Rumor has it that your parents would encourage their children to experience the natural world and wild places by dropping you and your siblings off with a ‘See you in a week’ and a wave. Is that an accurate depiction? Did they ever leave you out in Oregon’s high desert?
As kids, we were inspired by our father’s account of his own father dropping him off in the dry country of eastern Colorado in the 1920s, leaving him to tramp and camp his way through the perennially mysterious landscape. So, one time, our dad dropped me off at the old Cove Palisades State Park, before the Round Butte Dam flooded the canyons of the Crooked, Deschutes, and Metolius rivers. Over the next several days, I hiked and camped my way across open country to be picked up below Lower Bridge on the Metolius. In that country, it felt like Eden to be there alone without a map, but following the sun west through juniper and sage.
Can you give an example of how your early encounters with wilderness shaped your adult life or your career?

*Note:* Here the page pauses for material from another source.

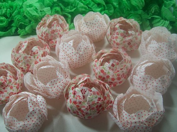 Você pode usar papel, tecido, EVA, juta, plástico grosso, papel vegetal e mais uma gama enorme de materiais para criar as suas forminhas de doces. Para enfeitar as forminhas os materiais também podem ser os mais variados possíveis. Fitas, pedrarias, pintura, glitter e até botões sofisticados podem ser aplicados em suas forminhas, para deixá-las ainda mais especiais.
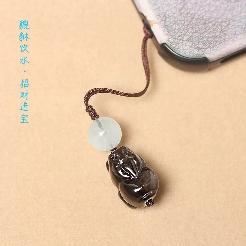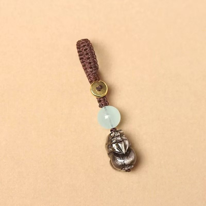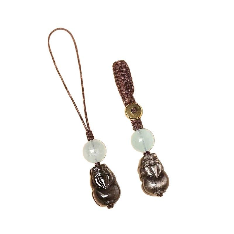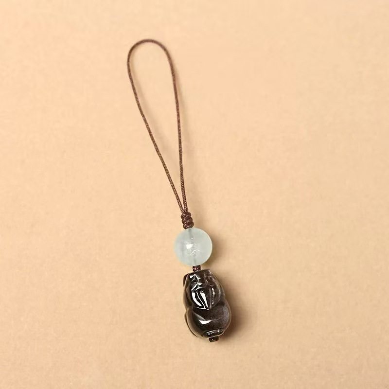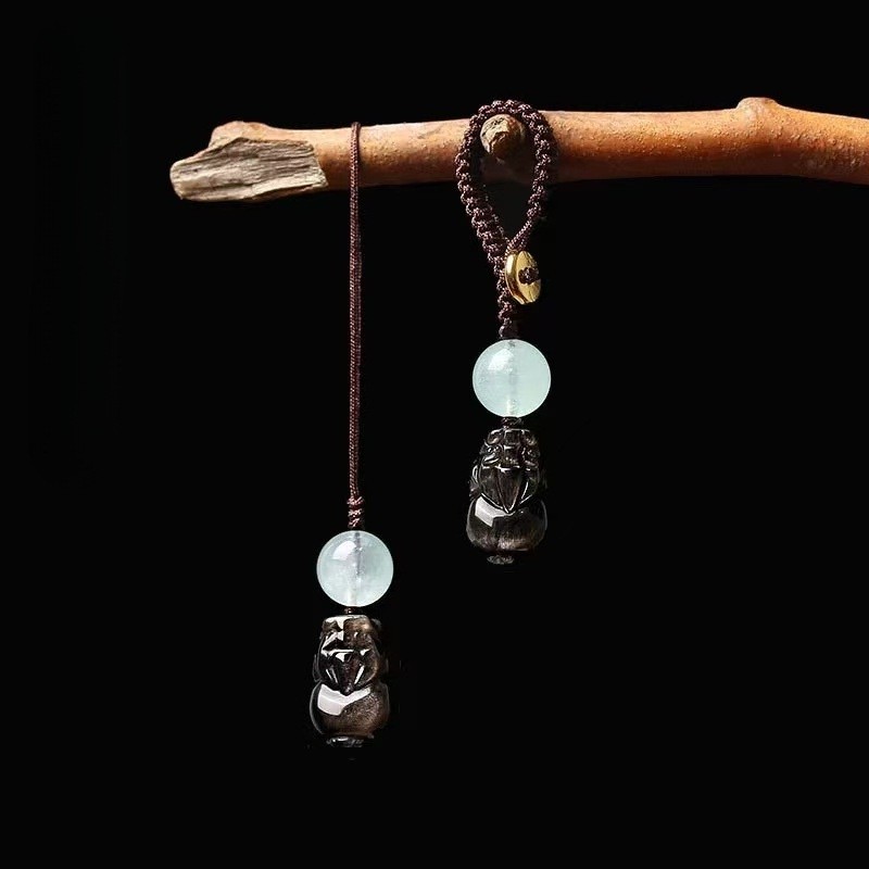 天然银曜石蓝色圆珠大肚貔貅钥匙扣手机链情侣手机车挂件男女同款

One time we were camping near Fort Rock with I was twelve or so. I rose in the dark to ramble up into a place called Devil’s Playground, a broken landscape of lava outcrops and protected enclaves of wildflowers, rabbits, singing birds, bones, animal tracks, and myriad other pleasures of the wild. It was experiences like this that gouged out a channel in my soul, so that in adult life any shred of wild existence strikes a tuning fork in my soul, and brings me joy.
In November 2016, you published The Flavor of Unity, a collection of post-election poems. What are your thoughts about the intersection of poetry and politics now?
As a friend told me recently, we have two things: a Vote, and a Voice. The vote is very important, but it is finite, a number to be counted. But the voice can grow, deepen, reach across divides to seek reconciliation on behalf of polarized issues. Because poetry can be short, evocative, and generous with new perspectives, it has an essential role to play in our divided political landscape.
Do you have a favorite spot in Oregon’s high desert for a wintertime visit? In spring?
In winter it has to be Fort Rock where the air is cold and ancient, the vistas crisp, and the silence deliciously deep, but for the whisk of a raven’s wings along the cliff’s crest. In spring, as far up as I can get on Steens Mountain, as life crawls up the slope to green the aspens.
If you could bring one person out to experience the high desert for the first time, who would that be and why?
I walk the open country with the spirit of my late brother, and perhaps in company with a child.
As Oregon’s poet laureate, you are traveling all across the state and giving talks in dozens of communities. What have you learned about Oregonians that you did not know before?
In John Day, Burns, Fields, Frenchglen and other places I have been visiting with the good fortune to be beautiful and remote, I find people cherish poetry, stories, songs, ideas, questions, and new ways to see our human project on Earth as a kind of currency, treasure, wealth. We have the land and the land has us, and any way we can deepen our relationship with the land is good.